[Data to examine Boundary: Start]

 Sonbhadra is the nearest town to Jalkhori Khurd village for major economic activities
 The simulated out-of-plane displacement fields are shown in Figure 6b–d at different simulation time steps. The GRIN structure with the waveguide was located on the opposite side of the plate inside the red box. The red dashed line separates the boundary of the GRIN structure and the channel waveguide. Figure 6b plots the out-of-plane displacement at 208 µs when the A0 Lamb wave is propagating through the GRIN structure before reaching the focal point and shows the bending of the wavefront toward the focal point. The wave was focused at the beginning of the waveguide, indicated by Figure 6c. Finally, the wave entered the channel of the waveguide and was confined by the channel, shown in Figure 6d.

[Data to examine Boundary: End]
[Data to examine Boundary: Start]

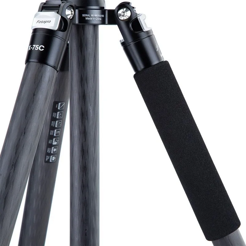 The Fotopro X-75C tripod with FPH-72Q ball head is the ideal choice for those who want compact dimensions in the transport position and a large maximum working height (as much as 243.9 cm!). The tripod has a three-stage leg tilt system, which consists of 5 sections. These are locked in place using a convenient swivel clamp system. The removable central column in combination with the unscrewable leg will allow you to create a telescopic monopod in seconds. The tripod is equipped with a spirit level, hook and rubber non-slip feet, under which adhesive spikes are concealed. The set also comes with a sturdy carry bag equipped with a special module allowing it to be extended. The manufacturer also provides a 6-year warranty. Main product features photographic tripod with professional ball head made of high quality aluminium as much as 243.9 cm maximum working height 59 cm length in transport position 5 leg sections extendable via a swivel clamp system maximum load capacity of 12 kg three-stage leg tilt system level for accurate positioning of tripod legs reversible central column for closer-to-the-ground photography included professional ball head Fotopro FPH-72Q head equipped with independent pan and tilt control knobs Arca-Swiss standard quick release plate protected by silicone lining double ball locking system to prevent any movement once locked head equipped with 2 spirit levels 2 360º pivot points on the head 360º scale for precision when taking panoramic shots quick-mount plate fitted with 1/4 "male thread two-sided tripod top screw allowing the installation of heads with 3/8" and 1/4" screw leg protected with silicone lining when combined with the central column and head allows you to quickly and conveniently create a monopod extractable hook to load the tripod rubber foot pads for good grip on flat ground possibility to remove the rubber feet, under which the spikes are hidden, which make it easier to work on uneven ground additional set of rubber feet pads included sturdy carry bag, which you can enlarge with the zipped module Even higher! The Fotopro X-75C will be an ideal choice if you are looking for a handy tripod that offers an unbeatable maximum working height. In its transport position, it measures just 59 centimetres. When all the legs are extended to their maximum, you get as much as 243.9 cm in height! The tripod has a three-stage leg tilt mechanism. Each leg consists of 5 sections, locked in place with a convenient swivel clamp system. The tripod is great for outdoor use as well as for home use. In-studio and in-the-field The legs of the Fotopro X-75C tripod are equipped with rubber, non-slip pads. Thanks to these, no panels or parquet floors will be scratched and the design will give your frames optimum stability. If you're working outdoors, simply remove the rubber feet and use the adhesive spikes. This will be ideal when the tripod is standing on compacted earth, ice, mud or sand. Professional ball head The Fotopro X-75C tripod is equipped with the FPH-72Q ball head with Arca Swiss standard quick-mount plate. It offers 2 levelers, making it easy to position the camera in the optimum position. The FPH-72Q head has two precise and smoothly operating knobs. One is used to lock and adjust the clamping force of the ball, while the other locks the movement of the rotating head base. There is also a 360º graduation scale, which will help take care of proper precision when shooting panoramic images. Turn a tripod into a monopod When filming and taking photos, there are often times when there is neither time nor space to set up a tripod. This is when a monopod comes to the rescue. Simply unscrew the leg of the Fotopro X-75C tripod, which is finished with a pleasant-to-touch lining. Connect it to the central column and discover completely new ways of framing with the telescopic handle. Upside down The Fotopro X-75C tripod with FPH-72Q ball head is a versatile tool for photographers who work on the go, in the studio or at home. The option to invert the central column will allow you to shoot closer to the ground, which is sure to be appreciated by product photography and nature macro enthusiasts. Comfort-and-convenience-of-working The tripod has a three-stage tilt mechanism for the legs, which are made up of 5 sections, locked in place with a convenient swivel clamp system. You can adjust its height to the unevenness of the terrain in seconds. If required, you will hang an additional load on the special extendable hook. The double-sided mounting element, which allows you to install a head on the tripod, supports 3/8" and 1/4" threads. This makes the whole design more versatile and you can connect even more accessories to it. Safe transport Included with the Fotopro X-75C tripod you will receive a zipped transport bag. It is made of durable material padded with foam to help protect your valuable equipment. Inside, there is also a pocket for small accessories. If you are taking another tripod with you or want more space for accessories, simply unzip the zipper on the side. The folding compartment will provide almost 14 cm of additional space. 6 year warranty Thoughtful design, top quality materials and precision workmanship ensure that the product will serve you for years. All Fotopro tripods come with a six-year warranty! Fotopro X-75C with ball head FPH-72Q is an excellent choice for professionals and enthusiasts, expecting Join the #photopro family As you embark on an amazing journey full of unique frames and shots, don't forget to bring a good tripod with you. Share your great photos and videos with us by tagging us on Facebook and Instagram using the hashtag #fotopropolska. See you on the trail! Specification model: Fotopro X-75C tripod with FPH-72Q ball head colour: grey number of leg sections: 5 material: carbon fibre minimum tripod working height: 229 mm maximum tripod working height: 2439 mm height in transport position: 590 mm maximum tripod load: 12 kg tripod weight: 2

[Data to examine Boundary: End]
[Data to examine Boundary: Start]

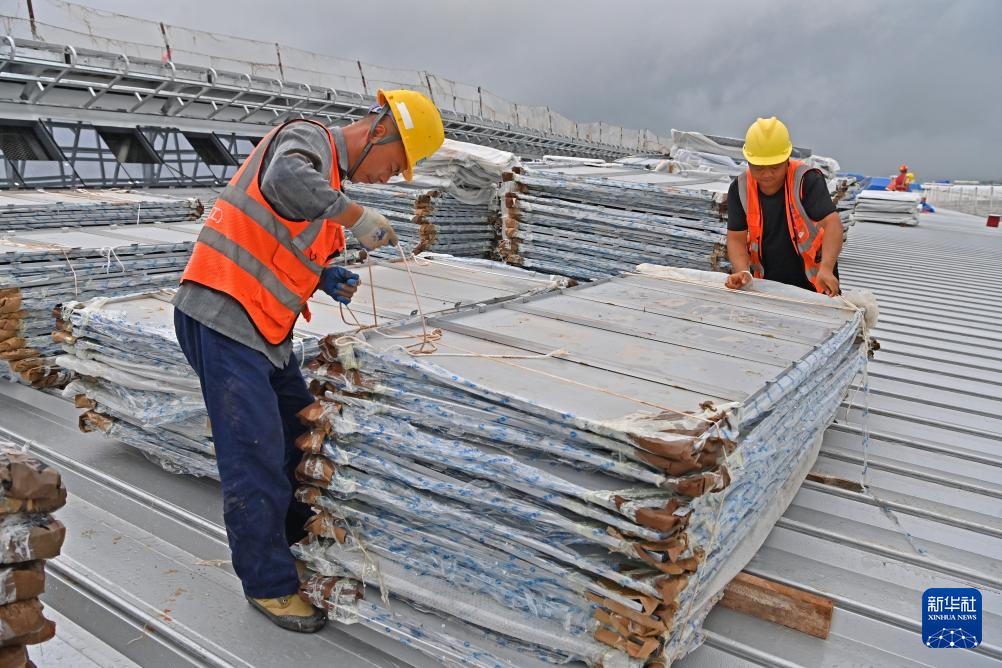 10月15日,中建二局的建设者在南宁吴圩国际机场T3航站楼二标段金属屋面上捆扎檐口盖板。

[Data to examine Boundary: End]

--- Activity ---
Using the entries above, return exactly the lines from the line with "Sonbhadra is the" to the line with "The simulated out-of-plane", counting both of those lines.

--- Task response ---
 Sonbhadra is the nearest town to Jalkhori Khurd village for major economic activities
 The simulated out-of-plane displacement fields are shown in Figure 6b–d at different simulation time steps. The GRIN structure with the waveguide was located on the opposite side of the plate inside the red box. The red dashed line separates the boundary of the GRIN structure and the channel waveguide. Figure 6b plots the out-of-plane displacement at 208 µs when the A0 Lamb wave is propagating through the GRIN structure before reaching the focal point and shows the bending of the wavefront toward the focal point. The wave was focused at the beginning of the waveguide, indicated by Figure 6c. Finally, the wave entered the channel of the waveguide and was confined by the channel, shown in Figure 6d.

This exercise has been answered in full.